Articulation Impairment

Articulation impairment is considered a motor speech difficulty and generally reserved for speech sound errors related to rhotics and sibilants (e.g., derhotacized /r/: bird /bɝd/ → [bɜd]; dentalized/lateralized sibilants: sun /sn/ → [ɬʌn] or [s̪ʌn]; McLeod and Baker, 2017). A child with an articulation impairment is assumed to have the correct phoneme selection but is imprecise in the speech motor specifications and implementation of the sound (Preston et al., 2013; McLeod and Baker, 2017). Studies using ultrasound, EPG and electromagnetic articulography data have shown several aberrant motor patterns to underlie sibilant and rhotic distortions. For rhotics, these may range from undifferentiated tongue protrusion, absent anterior tongue elevation, absent tongue root retraction and subtle issues in relative timing between different components of the tongue gestures (van Lieshout et al., 2008; Preston et al., 2017). Correct /s/ productions involve a groove in the middle of the tongue along with an elevation of the lateral tongue margins (Preston et al., 2016, 2017). Distortions in /s/ production may arise from inadequate anterior tongue control, poor lateral bracing (sides of the tongue down) and missing central groove (McAuliffe and Cornwell, 2008; Preston et al., 2016, 2017).

Within the AP model, articulation impairments may potentially arise at three levels: Tract Variables, Gestural Scores and dynamical specification of the gestures.
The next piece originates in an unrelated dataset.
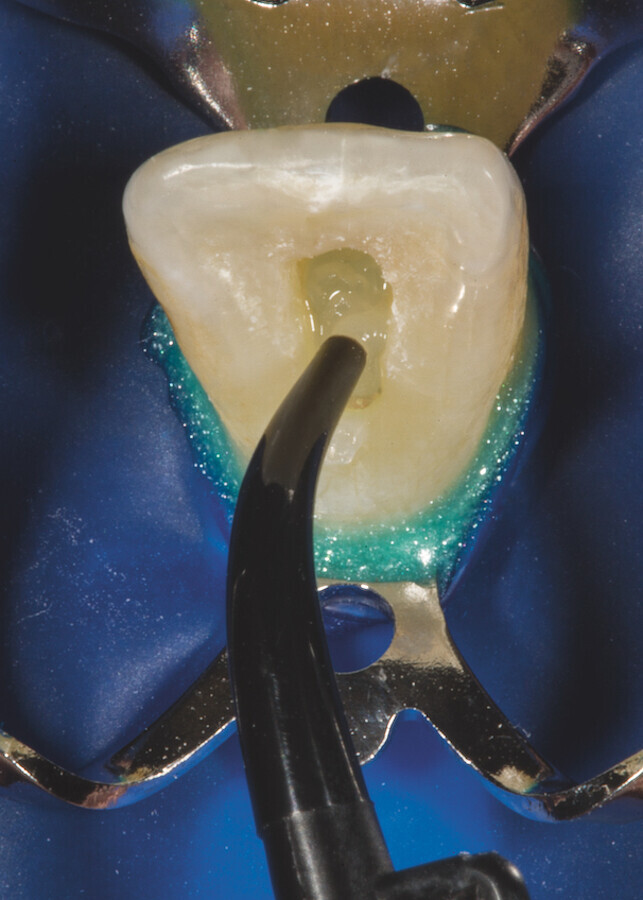 Fig. 2. Paso 2: aplicar el agente blanqueador en la cámara pulpar coronaria, dejando un espacio de 3-5 mm para alcanzar la profundidad necesaria. Foto: Enrique Jadad

We discussed rhotic production issues at the Tract Variables and Gestural Score levels in the Gliding and vocalization of liquids section as a reduction in the number of required gestures (i.e., some parts of the tongue not activated during /r/), limited tongue differentiation, and/or subtle relative timing issues between the different tongue gestures/components. Errors in dynamical specifications of the gestures could also result in speech sound errors. For example, incorrect damping parameter specification for vocal tract constriction degree may result in the Tract Variables (and their associated articulators) overshooting (underdamping) or undershooting (overdamping) their rest/target value (Browman and Goldstein, 1990a; Fuchs et al., 2006).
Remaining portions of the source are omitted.